The first change to the guidelines since 1997 follows a decision by Abe’s cabinet in July to reinterpret Article 9 of Japan’s post-war pacifist constitution. The step allows Japan to provide military aid to U.S. and other allied countries under attack. The cabinet move, which also permits Japan to exercise its right to “collective self-defense,” comes against a backdrop of escalating tensions between Japan and China over the contested Diaoyu/Senkaku islands in the East China Sea and Pyongyang’s increasing ability to strike Japan with nuclear-armed missiles.

Japan and the U.S. are likewise stepping up their global cooperation against missile, cyber and space-based attacks and joint maritime security operations under the new rules. In the most significant twist, Japanese forces can help shoot down enemy missiles headed for the U.S.

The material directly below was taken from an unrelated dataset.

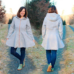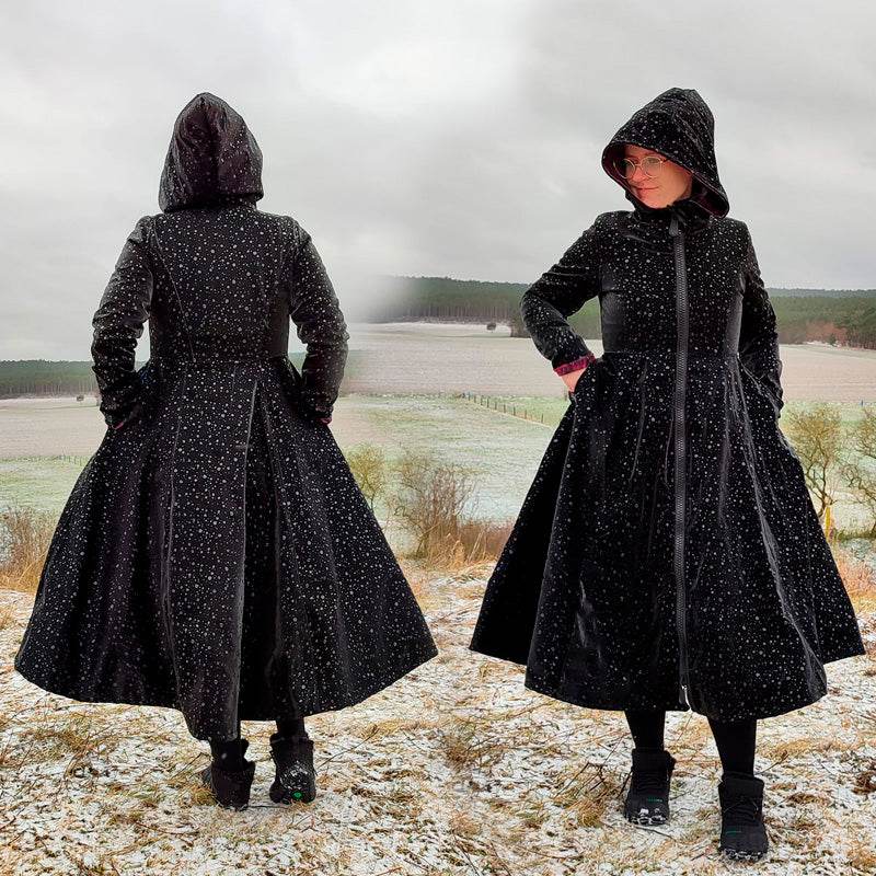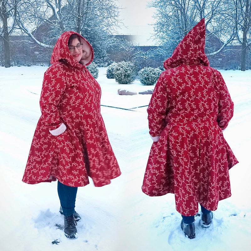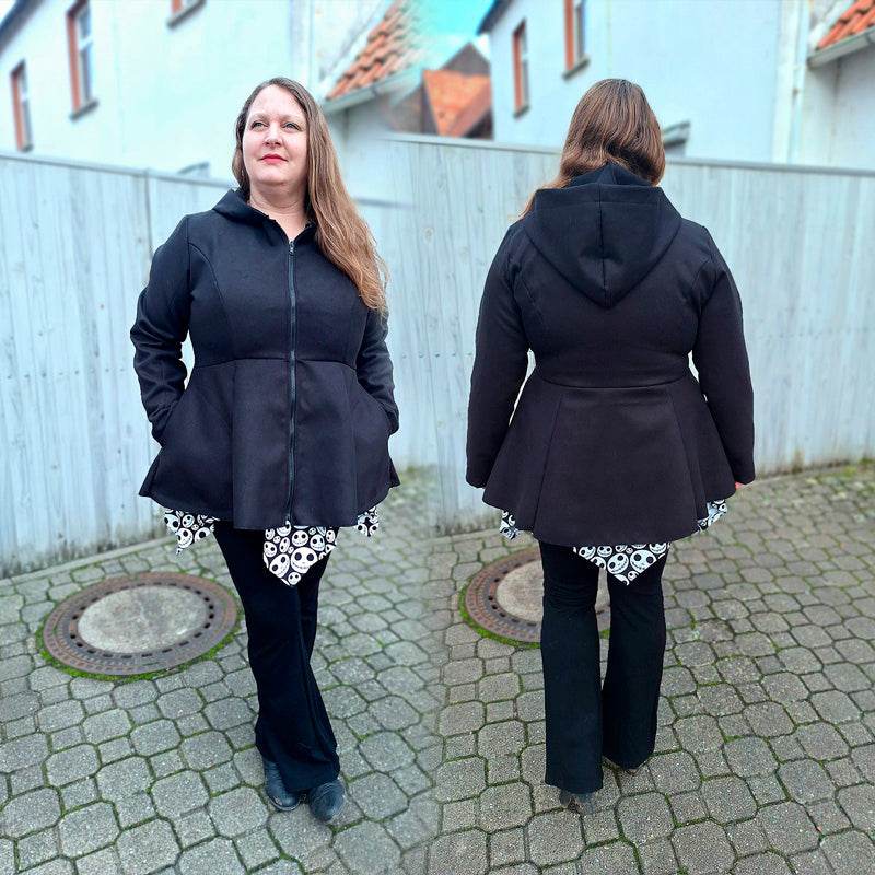 Die Embrace war mein erstes Jackenschnittmuster für Damen und ich war schon lange nicht mehr so zufrieden damit. Deshalb hat sie jetzt ein rundum Makeover bekommen. Was ihr jetzt bekommt ist ein wunderschönes Mantelschnittmuster, dass durch den ausgestellten Rockteil wunderschön, elegant und warm ist. Außerdem eignet es sich hervorragend als Mantel über Pettycoatkleidern. Auch im Alltag macht die Embrace einfach eine tolle Figur und ihr könnt sie durch die verschiedenen Varianten wunderschön an eure Vorlieben anpassen.

In return for such enhanced cooperation, Japan has secured Washington’s pledge of military support where Japan’s survival is under threat. Washington’s also agreed in principle to support Japan in potential clashes with China over disputed islands in the East China Sea. Reuters reported that a joint statement issued after the New York meeting by U.S. and Japanese officials “reconfirmed the alliance’s commitment to the security of Japan,” as well as Japan’s sovereignty over the islets in the East China Sea known as the Senkakus in Japan and the Diaoyus in China.

U.S. officials, at the same time, are downplaying suggestions that the revamped guidelines are aimed at China. Obama, aware of the deep financial and economic links between the U.S. and China, is wary of being drawn into a Sino-Japanese military incident on the high seas.

The other foot in Japan’s new defense stance will drop later this year when the Diet votes on legislation that will allow Japanese minesweepers to deploy in the Hormuz Strait in the Persian Gulf. Japanese forces also will be able to provide logistical support to the U.S. in other trouble spots far from Japan.

“These guidelines eliminate the geographic restrictions on U.S. and Japan cooperation so we’ll be able to do globally what we’ve been able to do in Japan and regionally as well,” said an unnamed defense official quoted on the U.S. Department of Defense website.

Abe’s Liberal Democratic Party aims to revise Japan’s constitution by late 2018 to lift other legal curbs on Japanese military operations.

The first U.S.-Japan defense guidelines were issued in 1978 and focused on the immediate defense of Japan.These were amended in 1997 to allow U.S. and Japanese military forces to cooperate regionally in areas surrounding Japan.